(Entries taken from a collection)
• • •
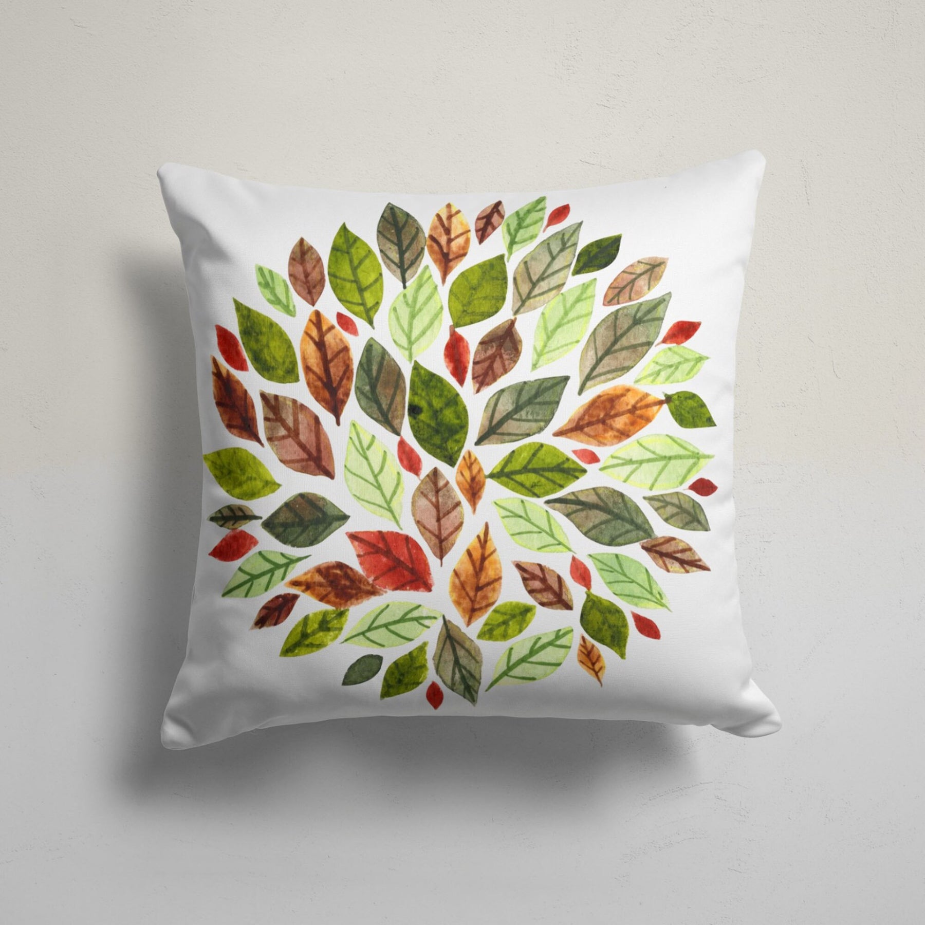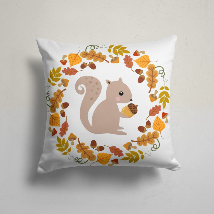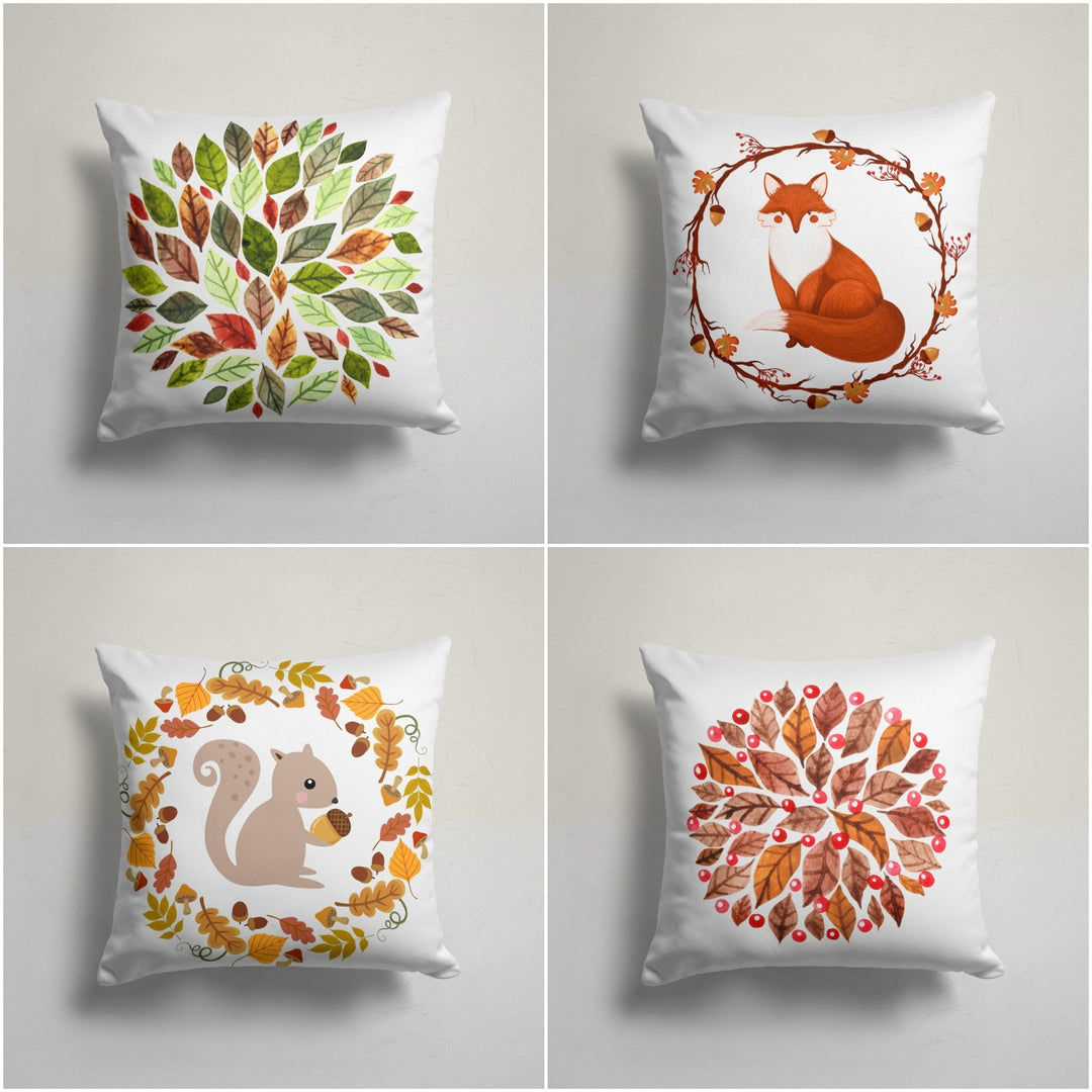 These decorative square fall trend throw pillow covers with Orange Green Leaf Drawing, Fox, Squirrel and Acorn;
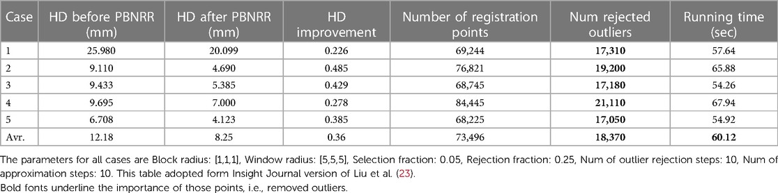 Table 2 indicates that out of about 73 K registration points, the PBNRR rejects about 18 K as outliers. A detailed study of 30 cases by Drakopoulos et al. (24) indicates this leads to a moderate (about 1.5 mm) improvement over the accuracy of the rigid registration and not a clear advantage over the B-Splines approximation scheme implemented in ITK and Slicer3D when accuracy is measured in terms of HD. A recent evaluation (24) from expert neurosurgeons (using specific brain landmarks) indicates that the accuracy of the PBNRR rejection scheme improves the max (and mean) average accuracy to 6.8 (and 3.4) mm from to 8.9 (and 5.6) mm 8.3 (and 4.4) mm by Rigid Registration1 and B-Splines2, respectively. Overall, the PBNRR3 outlier rejection scheme improves the registration accuracy between 1 mm and 2 mm from two state-of-the-art rigid registration schemes.
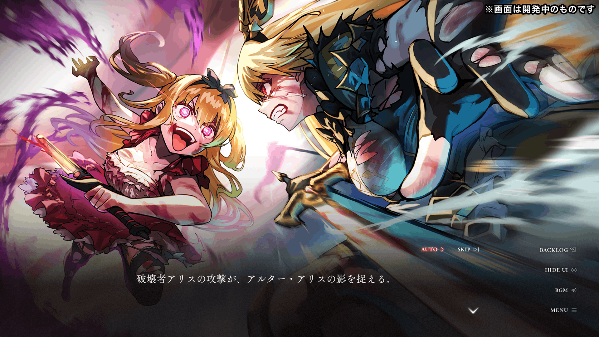 キービジュアル、破壊者アリスのスチル、術士アリスのスチル、狩人アリスのスチル
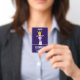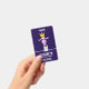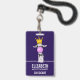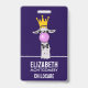 Name badge with a whimsical llama blowing a big pink bubble. Wearing a gold crown and a black bow tie. Dark purple background.
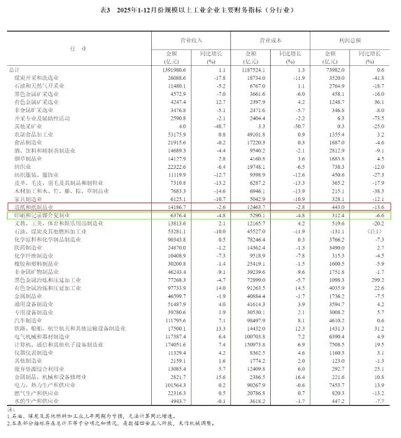 当前位置:首页>>中文版>>新闻中心>>行业新闻 » 2025年造纸和纸制品业实现利润总额443.0亿元 同比下降13.6%
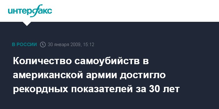 Москва. 30 января. INTERFAX.RU - Уровень самоубийств в американской армии в 2008 году достиг рекордных показателей за три десятилетия, сообщает в пятницу американская газета Los Angeles Times.
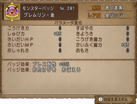 攻撃呪文耐性はバッジだけでは100%にはできませんけど、ブレス耐性はバッジだけで100%にできます。
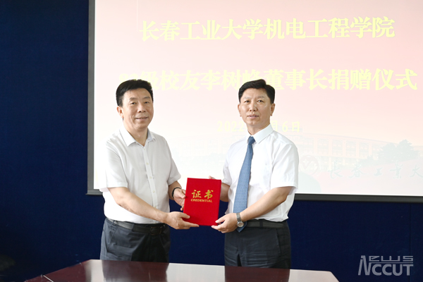 党委书记孙长智为李树峰校友颁发捐赠证书
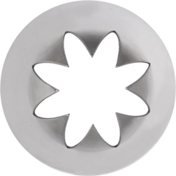Praktičen cukrarski nastavek v obliki cveta iz kakovostnega nerjavečega jekla za preprosto in učinkovito okraševanje tort, pit in cupcakesov. Zaradi trdne izdelave je vzdržljiv in varen za stik z živili, ustreza večini cukrarskih vrečk in ga je mogoče pomivati v pomivalnem stroju.
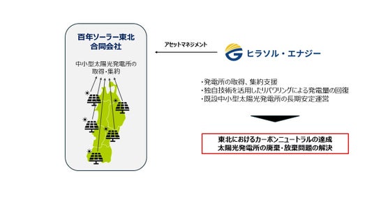 カメイ株式会社(本社:宮城県仙台市、代表取締役社長:亀井 昭男、以下「カメイ」)、三菱UFJ信託銀行株式会社(本社:東京都千代田区、取締役社長:窪田 博、以下「三菱UFJ信託銀行」)、七十七キャピタル株式会社(本社:宮城県仙台市、取締役社長: 今野 晃 )が運営する77ストラテジック・インベストメント第2号投資事業有限責任組合(以下「七十七キャピタル」)、ヒラソル・エナジー株式会社(本社:東京都文京区、代表取締役:李 旻、以下「ヒラソル・エナジー」)は、東北エリアの太陽光発電所を取り巻く廃棄・放棄課題の解決と長期安定稼働による脱炭素化を推進するために、「百年ソーラー東北合同会社(以下「百年ソーラー東北」)」と匿名組合契約を締結し、百年ソーラー東北は株式会社北日本銀行(本店:岩手県盛岡市、取締役頭取:石塚 恭路、以下「北日本銀行」)とプロジェクトファイナンス契約を締結いたしました。
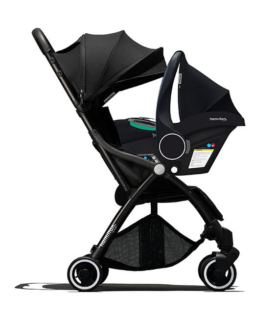 - Compatible con todos los carritos Hamilton mediante adaptadores para formar un sistema de viaje
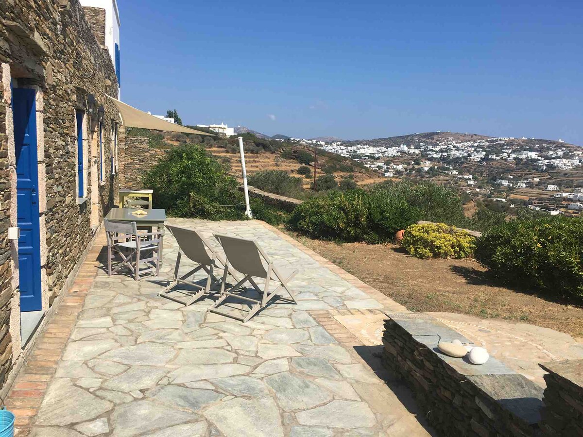 Quiet private house with 180 degree view of the sparkling Aegean Sea and the islands of Paros, Ios, Sikinos and Folegandros; one of the most unique sea views in Sifnos. The house has a full kitchen, indoor dining area, two bedrooms and two bathrooms as well as your own terrace for outdoor dining from which you can enjoy the breathtaking view. You have access to a private path which leads to the sea to enjoy swimming from the rocks in total seclusion and privacy. Free Wifi and free parking.
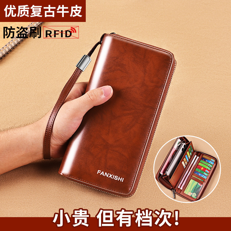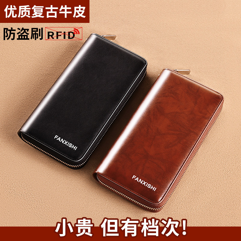 男士钱包长款真皮拉链多功能卡包牛皮2025新款男式大容量皮夹钱夹
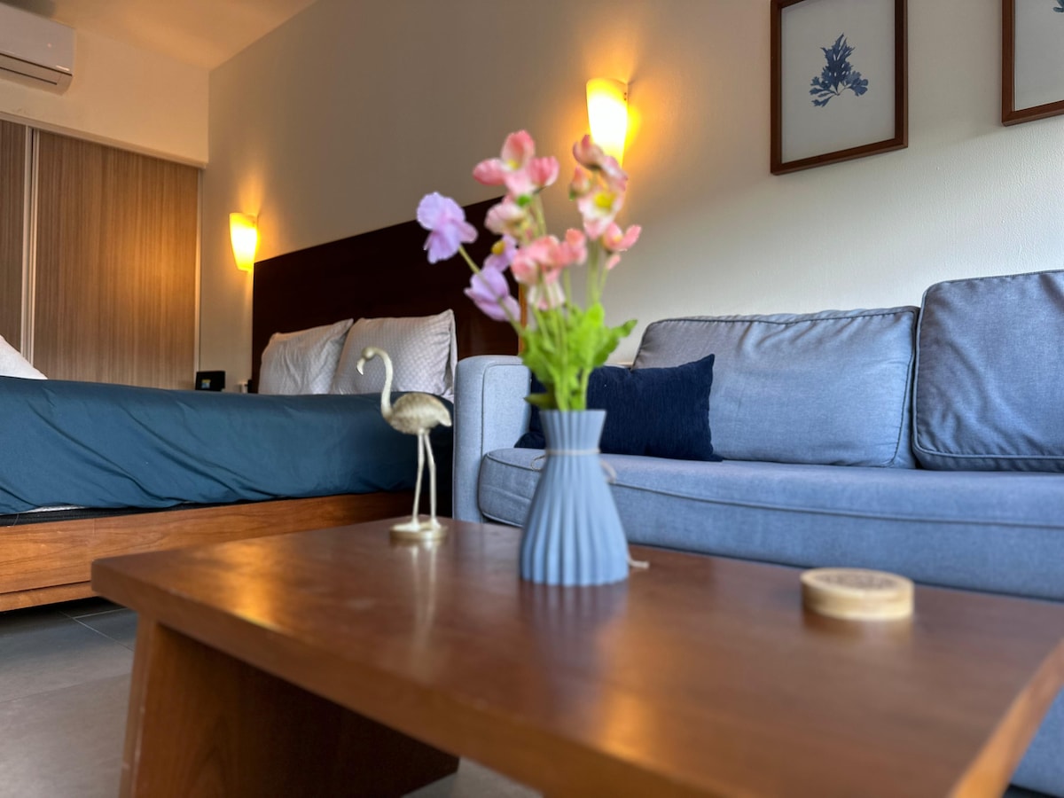 Departamento totalmente adecuado para que nuestros invitados puedan disfrutar una experiencia local en una de las zonas más populares de Playa del Carmen, estando a solo pasos de sus mágicas playas y de todo lo que la zona centro y 5ta Av. ofrecen. Pensamos en cada detalle para satisfacer las necesidades de todo tipo de viajero. Ya sea que vengas de vacaciones y/o trabajo nuestro lugar es para ti.
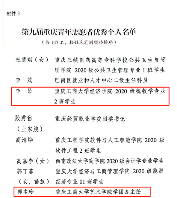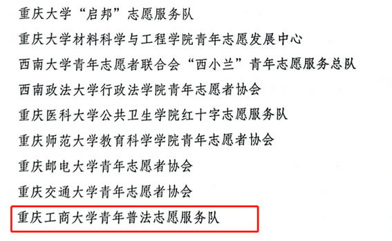 beat365法学与社会学学院青年普法志愿服务队获评第九届重庆青年志愿者优秀集体,校团委王微老师获评优秀工作者,艺术学院郭本玲老师、经济学院2020级税收学专业2班学生李昂获评优秀个人。
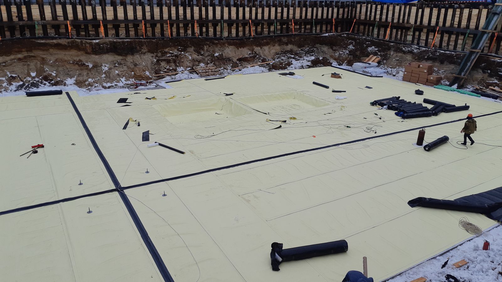 Вакуумная система гидроизоляции представляет собой конструкцию, состоящую из двух слоев полимерной мембраны площадью до 150 м2. Оба слоя мембраны свариваются в карты с использованием стандартного контроля качества и создания избыточного давления в полости двойного шва. Затем к верхнему слою мембраны герметично привариваются инъекторы (штуцеры) всего на одну карту приходится от 2 до 5 инъекторов (штуцеров) в зависимости от площади и геометрии, к которым подключаются промаркированные трубки, магистраль которых прокладывается в арматурном каркасе, вбитом в бетон.
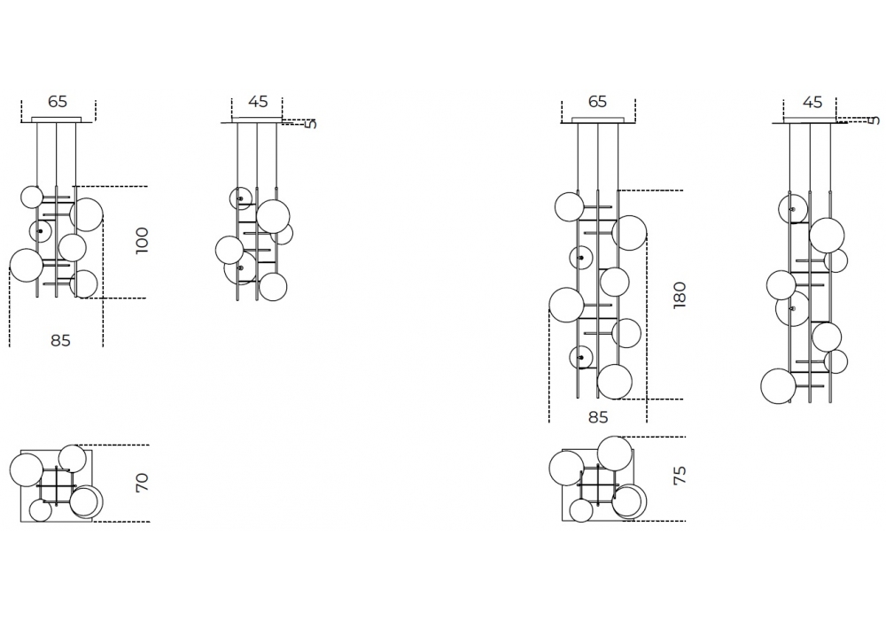 Bolle Tela von Massimo Castagna für Gallotti&Radice entworfen, ist eine Hängeleuchte mit dimmbarer LED-Lichtquelle. 8 Geblasene Klarglaskugeln. Verfügbar auch Ausführung mit 6 Kugeln Metallteile Messing handbruniert. Die Messingoberfläche erscheint fleckig und ungleich. Ein Kabel von 4 Mt inklusiv. Leuchtmittel (LED) inklusiv.
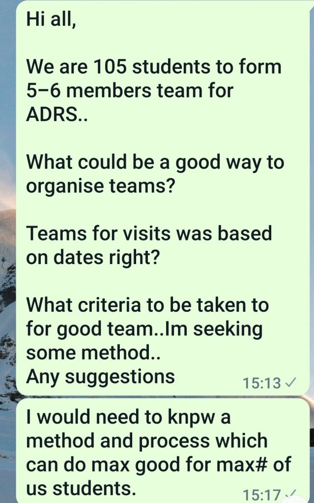 1. Class Challenge_Problem: In a Course/Class there was a grouping task, We have total student strength of 105 members. Teachers posted a group task(Simulation Skit) & assignment (Record_Report) for 2 of 5 problems, Condition was team can be of 5-7 members. Our Individual & collective Team Efforts will get us each upto 40 of total 100 marks. Q: How to form good groups_Team that can perform well and achieve good outcomes marks for all team members.
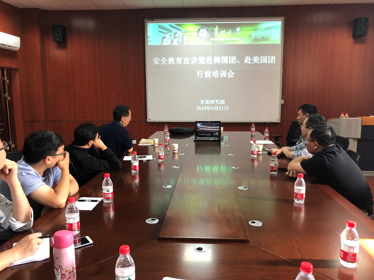2018年9月21日,为有效提高东盟研究院全体教职工的安全意识,我院特邀请贵州省国家安全厅派员对全院教职工开展安全教育宣讲会,暨我院常务副院长崔海洋带队参加2018年韩中国际茶产业发展研讨会一行四人的行前培训会。
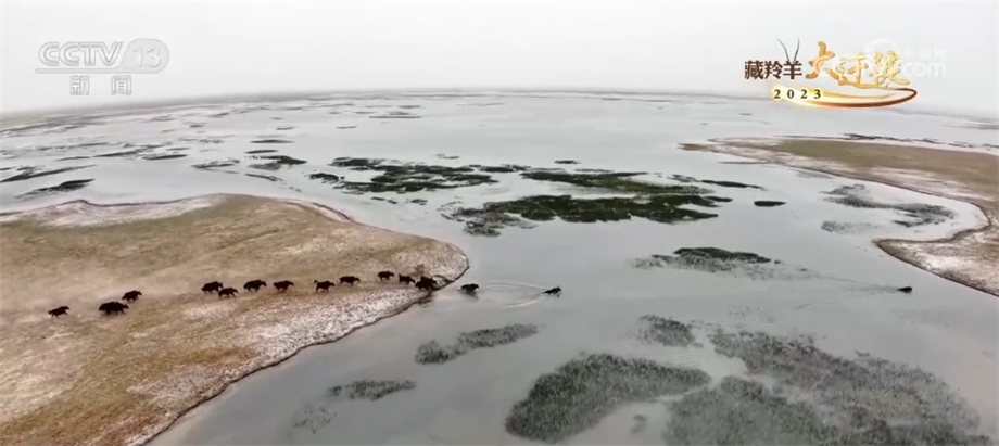 昆侖山下生態(tài)畫卷養(yǎng)眼 野牦牛成群游嬉過河愜意漫游
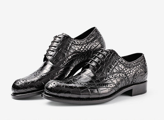 Handmade Black Wing Tip Crocodile Leather Derby Laces Dress Shoes, Business Shoe
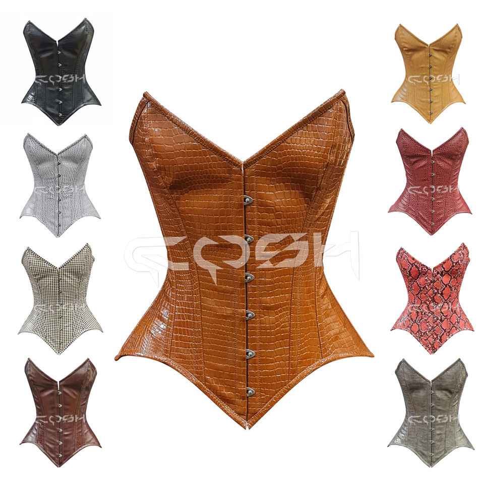 High-Quality Brown Croc-Texture PVC Corset Waist Shaping Overbust Bustier Supplier & Manufacturer
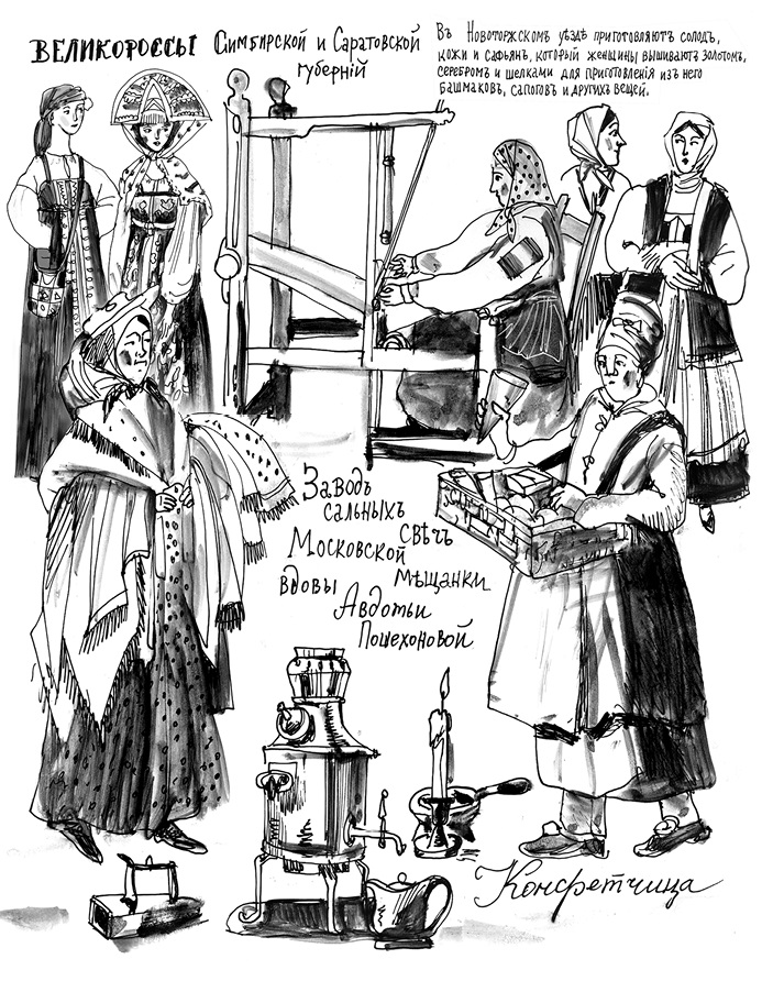 По Москве довольно подробную картину присутствия мещанок в мелкой промышленности и ремесле можно получить по архивным документам. В 1811 году в московском мещанстве числились 18 138 человек (6,6 % городского населения), в 1825 году мещане составляли 33 417 человек (13 %), в 1840‐м – 55 375 (16 %). Доля мещанок среди владелиц заведений в мелкой промышленности (число рабочих до 16 человек) составляла в разные годы до 25–30 %. Им принадлежали скромные по размерам предприятия, выпускавшие продукцию массового спроса: платки и ленты, ткани шерстяные и хлопчатобумажные в небольшом объеме, чулки и рукавицы, готовое платье, помаду и румяна, сальные свечи для освещения жилищ. Во владении мещанок находилось несколько десятков кузниц (около 20–30 % из общего числа 150 в 1847 году). В 1847 году в домашнем пользовании москвичей было 46 810 лошадей при числе жителей 349 987 человек, поэтому кузницы, где делали подковы и части упряжи, были важнейшим элементом городской инфраструктуры.
• • •
What you should do: Starting at the line above with "2018年9月21日,为有效", output every line exactly up to and including the line with "Handmade Black Wing", but none of the pictures.

Task output:
2018年9月21日,为有效提高东盟研究院全体教职工的安全意识,我院特邀请贵州省国家安全厅派员对全院教职工开展安全教育宣讲会,暨我院常务副院长崔海洋带队参加2018年韩中国际茶产业发展研讨会一行四人的行前培训会。
 昆侖山下生態(tài)畫卷養(yǎng)眼 野牦牛成群游嬉過河愜意漫游
 Handmade Black Wing Tip Crocodile Leather Derby Laces Dress Shoes, Business Shoe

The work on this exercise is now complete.